(Records drawn from a dataset)
• • • • •

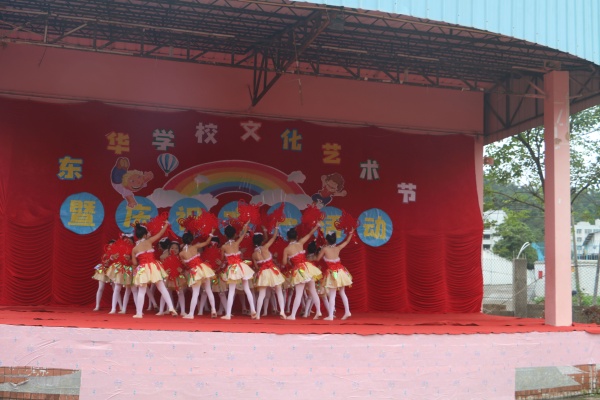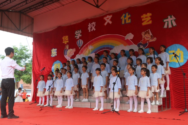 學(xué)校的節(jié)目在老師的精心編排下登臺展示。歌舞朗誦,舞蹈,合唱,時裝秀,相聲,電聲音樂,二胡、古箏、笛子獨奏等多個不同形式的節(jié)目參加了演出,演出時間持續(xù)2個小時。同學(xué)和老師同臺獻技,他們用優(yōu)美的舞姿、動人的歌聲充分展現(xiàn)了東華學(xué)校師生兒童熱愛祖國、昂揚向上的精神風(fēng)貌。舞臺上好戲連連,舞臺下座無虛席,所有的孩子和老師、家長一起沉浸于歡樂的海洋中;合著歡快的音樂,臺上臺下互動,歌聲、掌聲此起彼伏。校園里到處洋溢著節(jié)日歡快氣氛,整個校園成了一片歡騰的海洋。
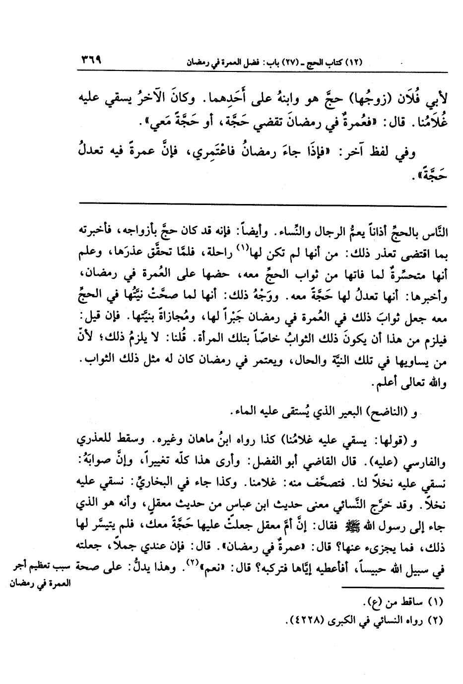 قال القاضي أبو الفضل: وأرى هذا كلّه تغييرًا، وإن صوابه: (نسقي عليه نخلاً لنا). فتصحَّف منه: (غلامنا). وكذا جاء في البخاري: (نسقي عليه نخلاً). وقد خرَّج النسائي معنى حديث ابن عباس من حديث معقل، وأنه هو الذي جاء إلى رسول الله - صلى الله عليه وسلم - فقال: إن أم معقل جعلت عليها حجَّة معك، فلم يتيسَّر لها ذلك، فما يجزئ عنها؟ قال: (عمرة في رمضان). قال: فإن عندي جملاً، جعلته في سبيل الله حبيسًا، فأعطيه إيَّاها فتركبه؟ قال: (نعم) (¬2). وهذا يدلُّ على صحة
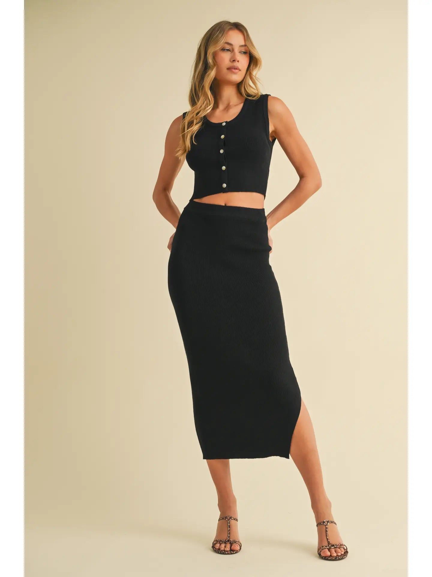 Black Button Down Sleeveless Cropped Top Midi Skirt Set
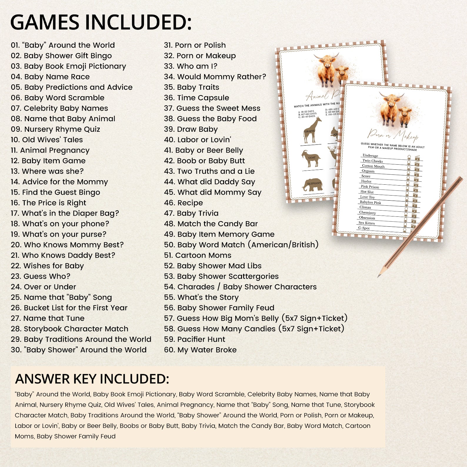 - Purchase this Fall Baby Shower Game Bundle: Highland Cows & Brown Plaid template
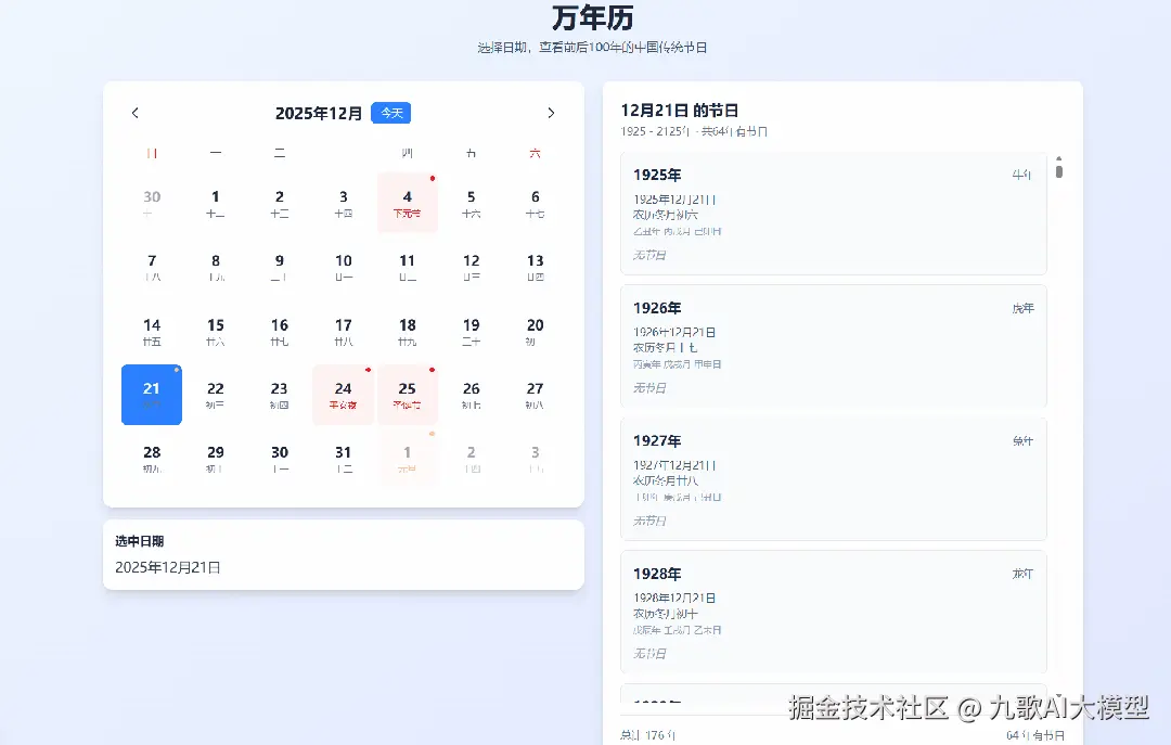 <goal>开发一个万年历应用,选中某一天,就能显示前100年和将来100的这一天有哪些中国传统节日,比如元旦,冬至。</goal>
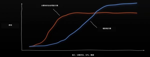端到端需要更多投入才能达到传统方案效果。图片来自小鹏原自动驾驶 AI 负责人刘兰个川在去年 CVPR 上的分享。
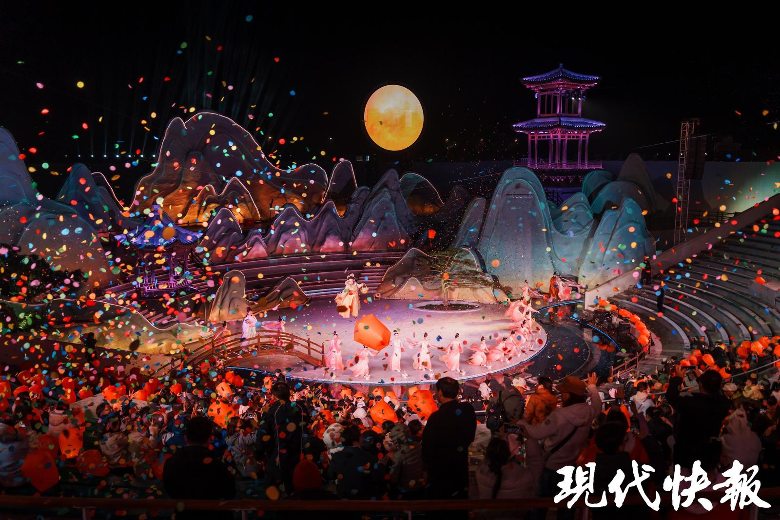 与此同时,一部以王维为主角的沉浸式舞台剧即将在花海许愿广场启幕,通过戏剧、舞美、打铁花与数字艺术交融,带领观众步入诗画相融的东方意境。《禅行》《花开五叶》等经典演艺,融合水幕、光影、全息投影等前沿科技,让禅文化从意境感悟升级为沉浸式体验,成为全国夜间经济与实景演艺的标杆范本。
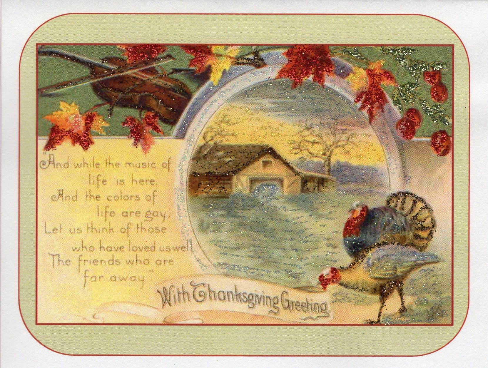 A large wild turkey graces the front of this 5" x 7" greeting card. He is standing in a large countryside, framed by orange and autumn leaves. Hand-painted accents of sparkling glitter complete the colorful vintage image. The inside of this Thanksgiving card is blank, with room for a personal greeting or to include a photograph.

• • • • •

TASK TO CARRY OUT
Reproduce every entry exactly, but omit each picture.

SOLUTION
 學(xué)校的節(jié)目在老師的精心編排下登臺展示。歌舞朗誦,舞蹈,合唱,時裝秀,相聲,電聲音樂,二胡、古箏、笛子獨奏等多個不同形式的節(jié)目參加了演出,演出時間持續(xù)2個小時。同學(xué)和老師同臺獻技,他們用優(yōu)美的舞姿、動人的歌聲充分展現(xiàn)了東華學(xué)校師生兒童熱愛祖國、昂揚向上的精神風(fēng)貌。舞臺上好戲連連,舞臺下座無虛席,所有的孩子和老師、家長一起沉浸于歡樂的海洋中;合著歡快的音樂,臺上臺下互動,歌聲、掌聲此起彼伏。校園里到處洋溢著節(jié)日歡快氣氛,整個校園成了一片歡騰的海洋。
 قال القاضي أبو الفضل: وأرى هذا كلّه تغييرًا، وإن صوابه: (نسقي عليه نخلاً لنا). فتصحَّف منه: (غلامنا). وكذا جاء في البخاري: (نسقي عليه نخلاً). وقد خرَّج النسائي معنى حديث ابن عباس من حديث معقل، وأنه هو الذي جاء إلى رسول الله - صلى الله عليه وسلم - فقال: إن أم معقل جعلت عليها حجَّة معك، فلم يتيسَّر لها ذلك، فما يجزئ عنها؟ قال: (عمرة في رمضان). قال: فإن عندي جملاً، جعلته في سبيل الله حبيسًا، فأعطيه إيَّاها فتركبه؟ قال: (نعم) (¬2). وهذا يدلُّ على صحة
 Black Button Down Sleeveless Cropped Top Midi Skirt Set
 - Purchase this Fall Baby Shower Game Bundle: Highland Cows & Brown Plaid template
 <goal>开发一个万年历应用,选中某一天,就能显示前100年和将来100的这一天有哪些中国传统节日,比如元旦,冬至。</goal>
端到端需要更多投入才能达到传统方案效果。图片来自小鹏原自动驾驶 AI 负责人刘兰个川在去年 CVPR 上的分享。
 与此同时,一部以王维为主角的沉浸式舞台剧即将在花海许愿广场启幕,通过戏剧、舞美、打铁花与数字艺术交融,带领观众步入诗画相融的东方意境。《禅行》《花开五叶》等经典演艺,融合水幕、光影、全息投影等前沿科技,让禅文化从意境感悟升级为沉浸式体验,成为全国夜间经济与实景演艺的标杆范本。
 A large wild turkey graces the front of this 5" x 7" greeting card. He is standing in a large countryside, framed by orange and autumn leaves. Hand-painted accents of sparkling glitter complete the colorful vintage image. The inside of this Thanksgiving card is blank, with room for a personal greeting or to include a photograph.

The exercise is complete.